Prompt: Each line in the material below, starting at the one that contains "嚴寒還未消散,保障仍在行動。" and ending at the one that contains "Москва. 22 марта.", should be repeated exactly; the pictures should not.

Study material:

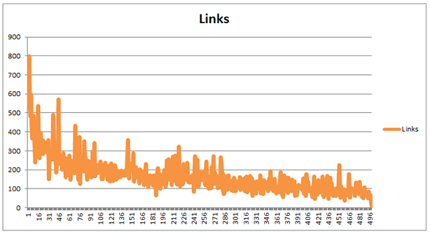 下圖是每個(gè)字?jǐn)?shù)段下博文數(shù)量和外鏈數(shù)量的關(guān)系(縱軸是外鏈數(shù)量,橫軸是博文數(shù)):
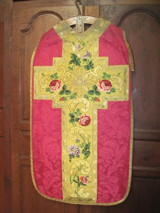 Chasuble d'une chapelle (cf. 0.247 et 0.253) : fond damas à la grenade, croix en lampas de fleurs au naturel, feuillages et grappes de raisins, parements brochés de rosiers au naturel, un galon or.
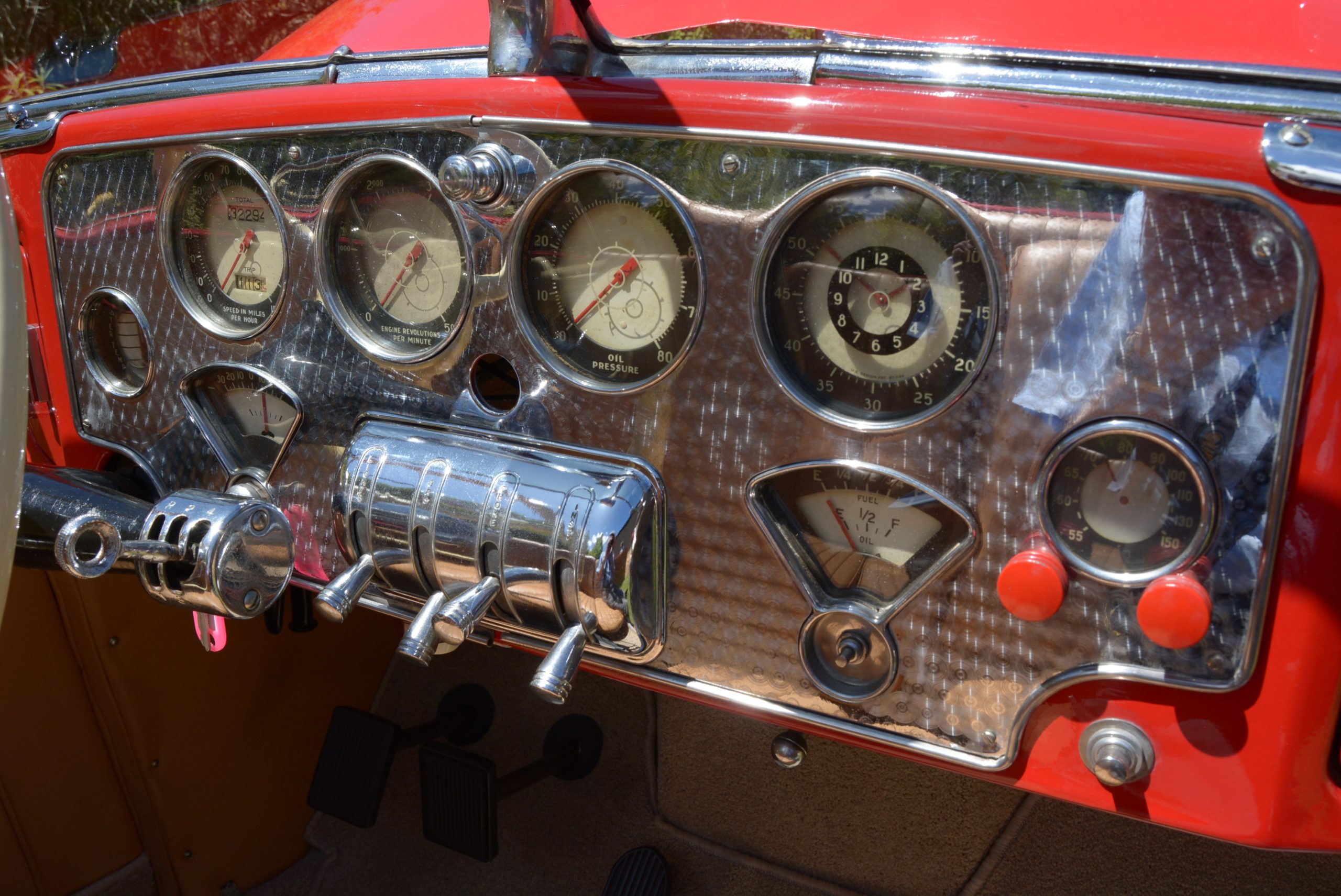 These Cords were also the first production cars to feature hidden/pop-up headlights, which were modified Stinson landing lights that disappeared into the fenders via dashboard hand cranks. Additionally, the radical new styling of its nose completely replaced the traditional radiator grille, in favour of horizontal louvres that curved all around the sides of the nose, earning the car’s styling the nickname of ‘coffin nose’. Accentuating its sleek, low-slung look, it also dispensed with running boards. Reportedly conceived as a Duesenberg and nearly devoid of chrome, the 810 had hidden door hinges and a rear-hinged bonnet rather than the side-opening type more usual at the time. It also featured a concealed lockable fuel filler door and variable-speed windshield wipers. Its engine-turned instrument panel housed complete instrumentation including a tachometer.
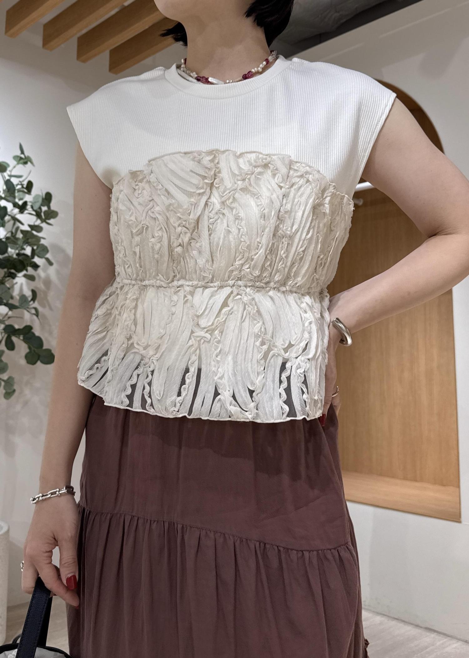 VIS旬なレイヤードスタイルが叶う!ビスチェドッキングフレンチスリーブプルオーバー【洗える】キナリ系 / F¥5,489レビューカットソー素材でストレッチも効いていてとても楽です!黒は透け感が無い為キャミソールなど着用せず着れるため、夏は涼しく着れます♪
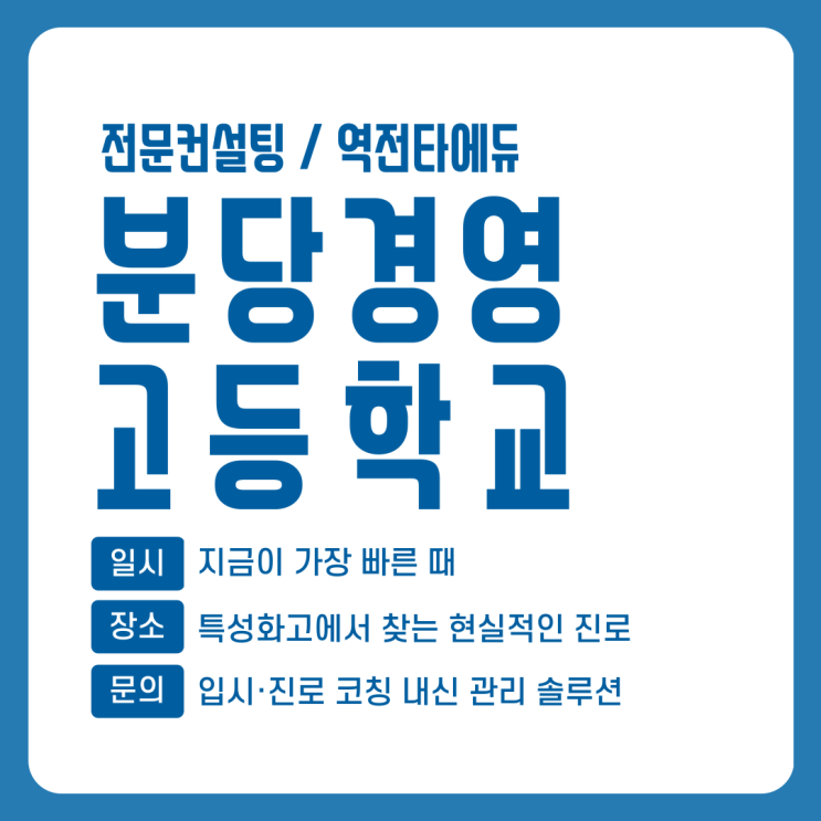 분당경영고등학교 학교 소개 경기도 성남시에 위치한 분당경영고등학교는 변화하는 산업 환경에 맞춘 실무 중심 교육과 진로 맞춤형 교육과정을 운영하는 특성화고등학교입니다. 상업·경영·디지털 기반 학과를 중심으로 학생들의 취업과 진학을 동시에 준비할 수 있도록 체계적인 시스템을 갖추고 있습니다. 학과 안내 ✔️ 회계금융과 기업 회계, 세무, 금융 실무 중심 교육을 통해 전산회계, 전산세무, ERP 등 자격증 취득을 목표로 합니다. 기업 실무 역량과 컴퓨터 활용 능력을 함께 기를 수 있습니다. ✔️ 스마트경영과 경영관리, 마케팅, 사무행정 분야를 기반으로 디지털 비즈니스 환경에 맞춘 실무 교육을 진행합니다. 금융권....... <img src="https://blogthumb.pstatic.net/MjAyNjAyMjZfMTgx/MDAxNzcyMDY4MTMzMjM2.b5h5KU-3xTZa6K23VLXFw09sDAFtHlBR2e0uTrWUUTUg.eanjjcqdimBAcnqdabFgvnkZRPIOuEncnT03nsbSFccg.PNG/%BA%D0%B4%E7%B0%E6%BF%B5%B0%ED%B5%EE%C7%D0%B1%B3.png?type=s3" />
==
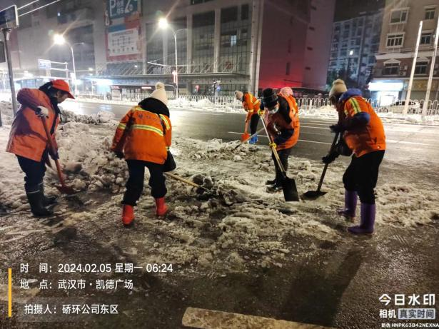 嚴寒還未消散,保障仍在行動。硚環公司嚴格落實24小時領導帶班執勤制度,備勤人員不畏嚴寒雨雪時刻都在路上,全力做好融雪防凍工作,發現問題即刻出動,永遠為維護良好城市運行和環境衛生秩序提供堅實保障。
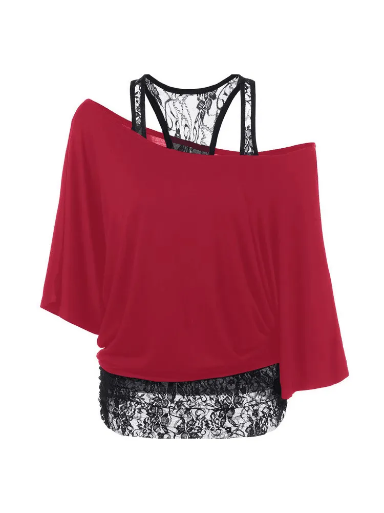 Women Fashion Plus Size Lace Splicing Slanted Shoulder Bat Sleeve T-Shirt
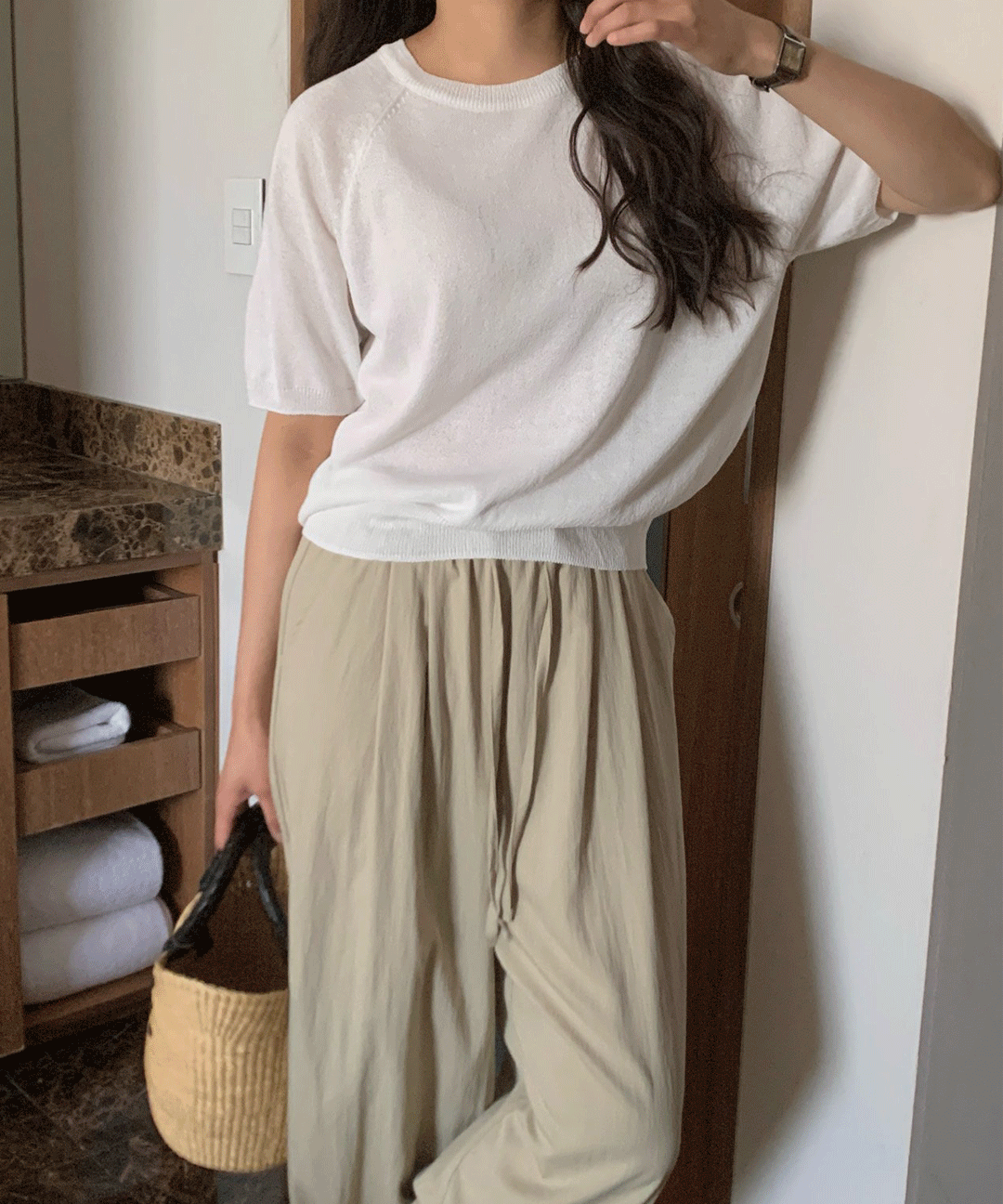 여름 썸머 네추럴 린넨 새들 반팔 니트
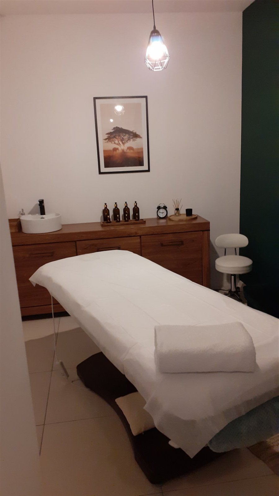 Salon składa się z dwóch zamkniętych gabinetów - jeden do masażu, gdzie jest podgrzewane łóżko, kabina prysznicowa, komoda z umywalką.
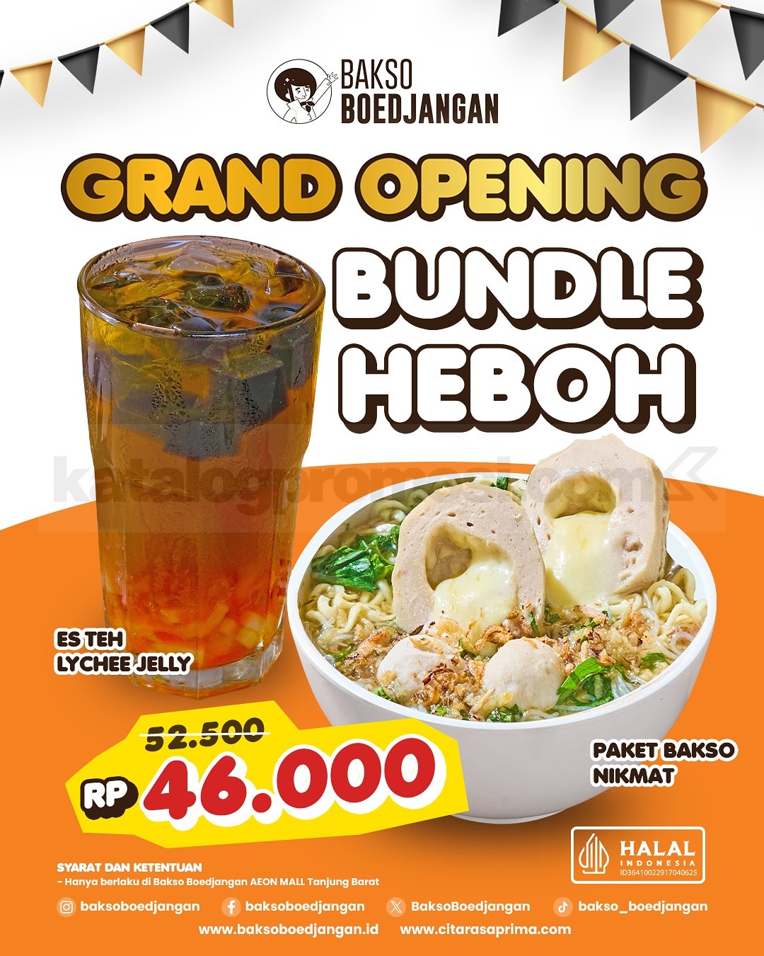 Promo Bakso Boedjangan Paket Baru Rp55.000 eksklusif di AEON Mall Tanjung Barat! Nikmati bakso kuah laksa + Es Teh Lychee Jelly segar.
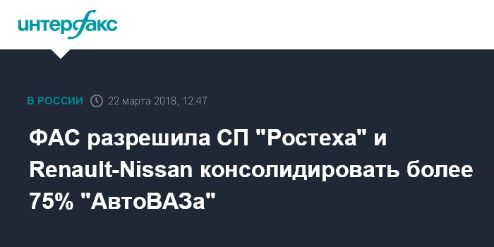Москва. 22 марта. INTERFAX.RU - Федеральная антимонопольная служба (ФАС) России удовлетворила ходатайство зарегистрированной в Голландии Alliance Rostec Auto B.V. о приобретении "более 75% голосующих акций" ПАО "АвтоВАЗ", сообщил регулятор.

Your solution:
 嚴寒還未消散,保障仍在行動。硚環公司嚴格落實24小時領導帶班執勤制度,備勤人員不畏嚴寒雨雪時刻都在路上,全力做好融雪防凍工作,發現問題即刻出動,永遠為維護良好城市運行和環境衛生秩序提供堅實保障。
 Women Fashion Plus Size Lace Splicing Slanted Shoulder Bat Sleeve T-Shirt
 여름 썸머 네추럴 린넨 새들 반팔 니트
 Salon składa się z dwóch zamkniętych gabinetów - jeden do masażu, gdzie jest podgrzewane łóżko, kabina prysznicowa, komoda z umywalką.
 Promo Bakso Boedjangan Paket Baru Rp55.000 eksklusif di AEON Mall Tanjung Barat! Nikmati bakso kuah laksa + Es Teh Lychee Jelly segar.
Москва. 22 марта. INTERFAX.RU - Федеральная антимонопольная служба (ФАС) России удовлетворила ходатайство зарегистрированной в Голландии Alliance Rostec Auto B.V. о приобретении "более 75% голосующих акций" ПАО "АвтоВАЗ", сообщил регулятор.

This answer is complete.